--- START ---

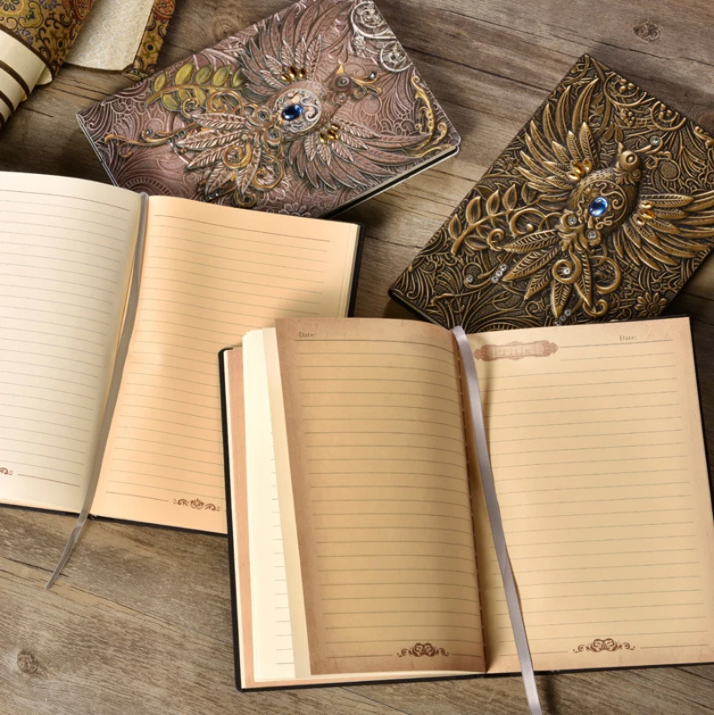 featureVintage three-dimensional carved cover notebook
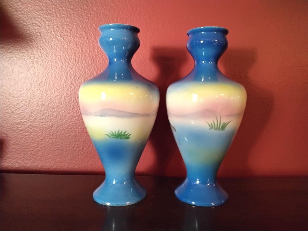 Handpainted with 24k gold accents this is a stunning pair of Vases. 10 1/2"
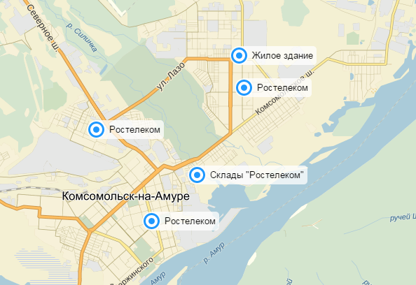 Рисунок 1.2 Расположение филиалов ОАО Ростелеком в г. Комсомольск-на-Амуре
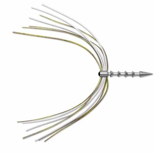 Two-part skirt combining living rubber and silicone material creating a unique action underwater at all temperatures. Conical ribs firmly anchor weight in place without damaging plastic. Epoxy resin end (U.S. Patent Pending) to hold skirts firmly in place.
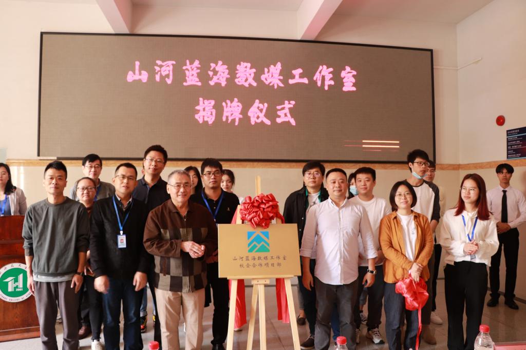 (通讯员:陈星莹)3月15日,9428cn太阳集团古天乐与广州山河蓝海文化发展有限公司共同投建的首个数字媒体专业工作室——“山河蓝海数媒工作室”在我校隆重举行揭牌仪式。在热烈的掌声中,9428cn太阳集团古天乐院长原峰山和广州山河蓝海文化发展有限公司总经理邓晓剑一起为工作室揭牌。广州山河蓝海文化发展有限公司运营总监余永峰、项目总监李荣、设计总监苏曼等企业代表,学校实验与教学资源中心主任钟健、9428cn太阳集团古天乐全院教师、数媒专业学生等一百多人,共同见证了这个历史时刻。
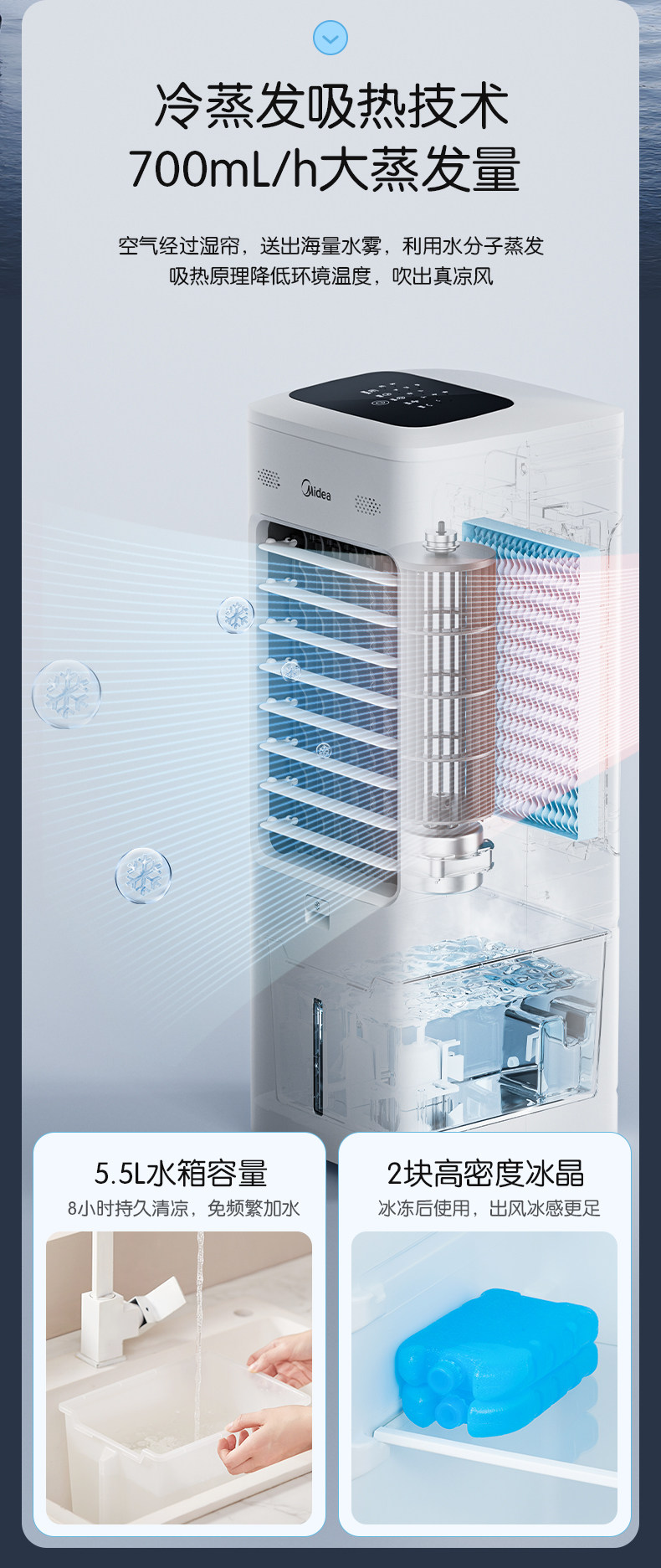 Вентилятор кондиционера Midea, мобильный бытовой вентилятор водяного охлаждения, большой объем воздуха, башенный воздушный охладитель, маленький новый официальный флагман
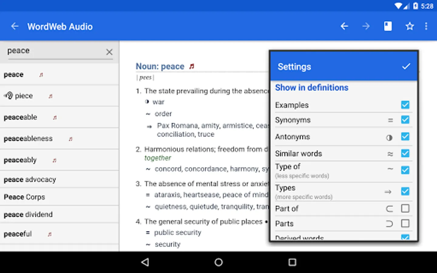 No Internet connection is required to use WordWeb once installed. It requires about 280MB of space on your SD card.
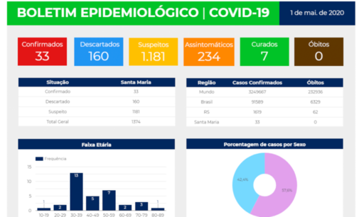 Santa Maria não teve nenhum caso confirmado de coronavírus nesta sexta-feira. Com isso, a cidade segue com 33 confirmações. Já foram descartadas 160 suspeitas, sete pacientes estão curados e outras 1.181 pessoas são consideradas suspeitas para a Covid-19. Foram 19 casos suspeitos registrados a mais em comparação com esta quinta-feira
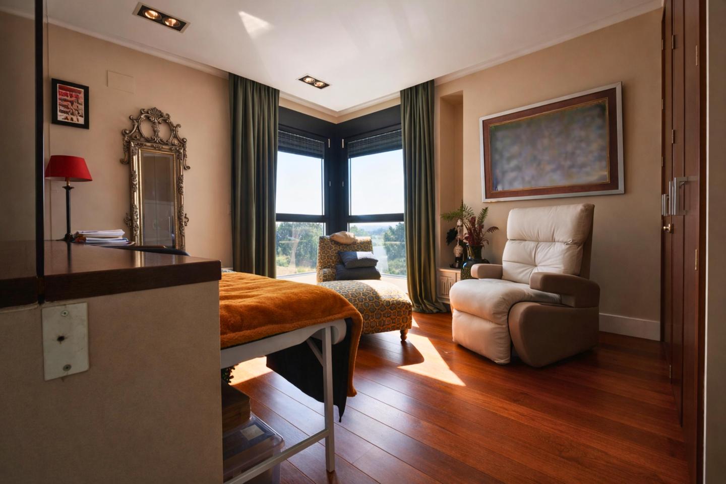 En la planta alta, se ubican dos dormitorios, destacando el dormitorio principal que cuenta con vestidor, zapatero, baño tipo suite con jacuzzi, ducha y doble lavabo, además de acceso a una magnífica terraza con vistas inmejorables, además de acceso a la azotea transitable con vistas panorámicas. Todos los dormitorios de la vivienda disponen de armarios empotrados de madera de alta calidad.
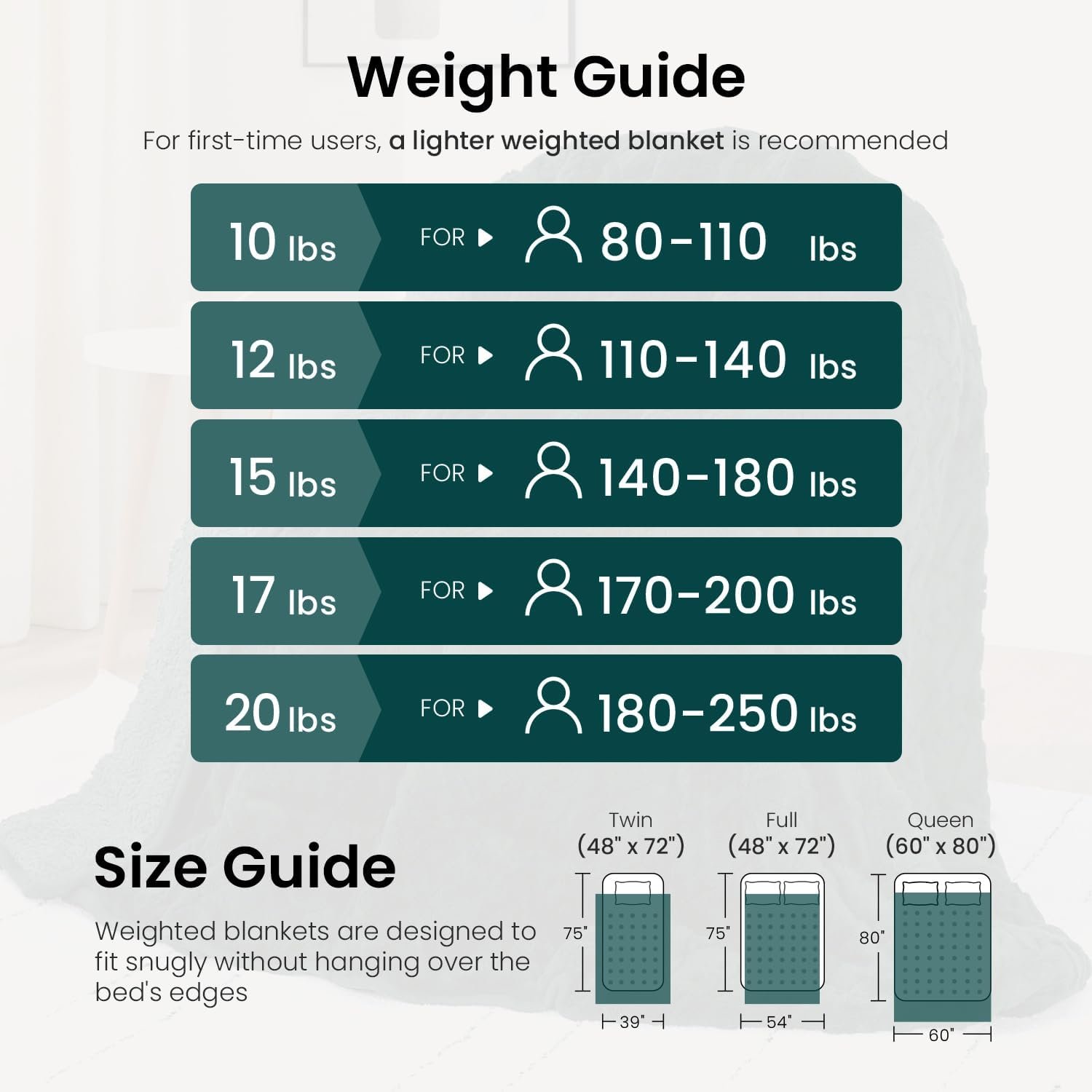 Multi-Functional: This weighted blanket for adults is available in queen size and twin size; 15lbs and 20lbs (recommended 8%-10% of body weight). It offers various colors (beige, grey, cream white, navy blue, grass green, purple, red ) for versatile use on the couch, bed, or as a decorative blanket, providing warmth and comfort for relaxation, reading, working, and cozy winter moments
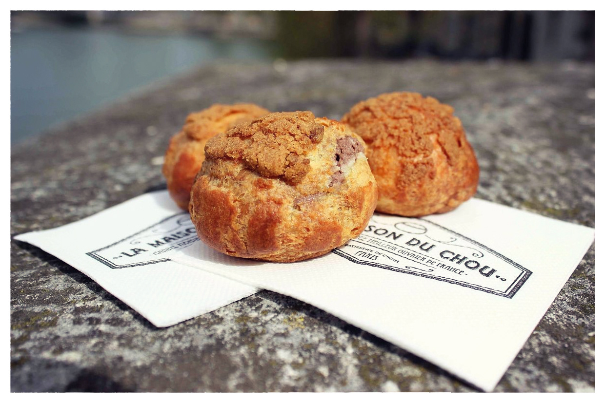 The choux à la crème (cream puffs) regain an artisanal and traditional feel at la Maison du Chou, chef Manuel Martinez’s  pastry shop. Showcasing the chou in a limited number of flavors, this pastry shop follows the worn-out trend of offering a single product, as well as the more recent trend of presenting sober products in their raw state.
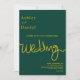 Dieses elegante, grüne und goldene Hochzeitsangebot eignet sich perfekt für eine moderne Hochzeit, das schlichte Design zeichnet sich durch elegante goldene Kalligraphie auf grünem Hintergrund aus.

--- END ---

## How to complete this task
Without the pictures, write out the lines from the beginning of the entries through the line with "Multi-Functional: This weighted".

## Result for this task
 featureVintage three-dimensional carved cover notebook
 Handpainted with 24k gold accents this is a stunning pair of Vases. 10 1/2"
 Рисунок 1.2 Расположение филиалов ОАО Ростелеком в г. Комсомольск-на-Амуре
 Two-part skirt combining living rubber and silicone material creating a unique action underwater at all temperatures. Conical ribs firmly anchor weight in place without damaging plastic. Epoxy resin end (U.S. Patent Pending) to hold skirts firmly in place.
 (通讯员:陈星莹)3月15日,9428cn太阳集团古天乐与广州山河蓝海文化发展有限公司共同投建的首个数字媒体专业工作室——“山河蓝海数媒工作室”在我校隆重举行揭牌仪式。在热烈的掌声中,9428cn太阳集团古天乐院长原峰山和广州山河蓝海文化发展有限公司总经理邓晓剑一起为工作室揭牌。广州山河蓝海文化发展有限公司运营总监余永峰、项目总监李荣、设计总监苏曼等企业代表,学校实验与教学资源中心主任钟健、9428cn太阳集团古天乐全院教师、数媒专业学生等一百多人,共同见证了这个历史时刻。
 Вентилятор кондиционера Midea, мобильный бытовой вентилятор водяного охлаждения, большой объем воздуха, башенный воздушный охладитель, маленький новый официальный флагман
 No Internet connection is required to use WordWeb once installed. It requires about 280MB of space on your SD card.
 Santa Maria não teve nenhum caso confirmado de coronavírus nesta sexta-feira. Com isso, a cidade segue com 33 confirmações. Já foram descartadas 160 suspeitas, sete pacientes estão curados e outras 1.181 pessoas são consideradas suspeitas para a Covid-19. Foram 19 casos suspeitos registrados a mais em comparação com esta quinta-feira
 En la planta alta, se ubican dos dormitorios, destacando el dormitorio principal que cuenta con vestidor, zapatero, baño tipo suite con jacuzzi, ducha y doble lavabo, además de acceso a una magnífica terraza con vistas inmejorables, además de acceso a la azotea transitable con vistas panorámicas. Todos los dormitorios de la vivienda disponen de armarios empotrados de madera de alta calidad.
 Multi-Functional: This weighted blanket for adults is available in queen size and twin size; 15lbs and 20lbs (recommended 8%-10% of body weight). It offers various colors (beige, grey, cream white, navy blue, grass green, purple, red ) for versatile use on the couch, bed, or as a decorative blanket, providing warmth and comfort for relaxation, reading, working, and cozy winter moments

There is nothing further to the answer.